Агатова смеялась, подливала вино, болтала без умолку, и глаза ее веселым блеском горели, и румянец побеждал смуглую желтизну лица, и казалась она от оживления своего почти девочкой; а Гавриилов тихо улыбался ее болтовне.
После кофе Юлия Михайловна спросила почту.
Анисья подала ей газеты и несколько писем.

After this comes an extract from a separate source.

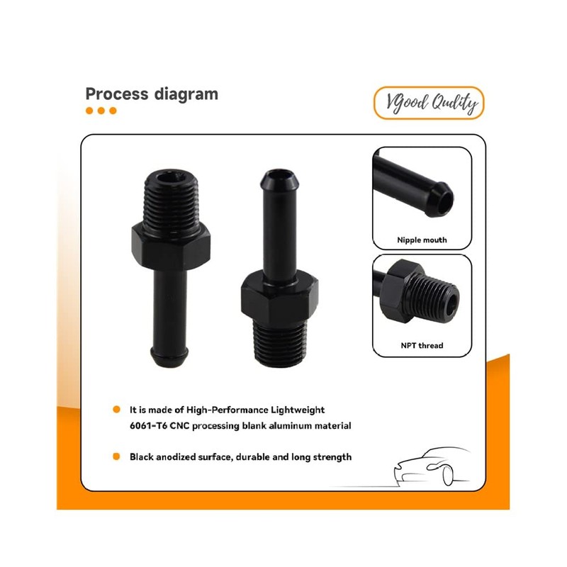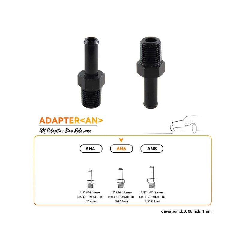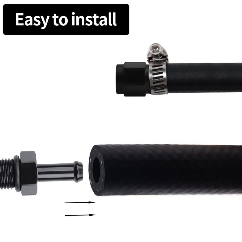 - Easy to Install: Just push the barb end into the hose. It is necessary to use clamps for tighter sealing. The male thread end can be tightened with an AN adjustable wrench.

Не дрогнуло ее лицо, не затуманилось ни на минуту, когда медленно, продолжая еще что-то рассказывать, распечатала она конверт, знакомым Гавриилову почерком Полуяркова надписанный.
Быстро пробежала Юлия Михайловна страничку письма и небрежно смешала с другими письмами.
Но каким-то чуть-чуть другим, будто притворным голосом заговорила, и в глазах какая-то тревога отразилась.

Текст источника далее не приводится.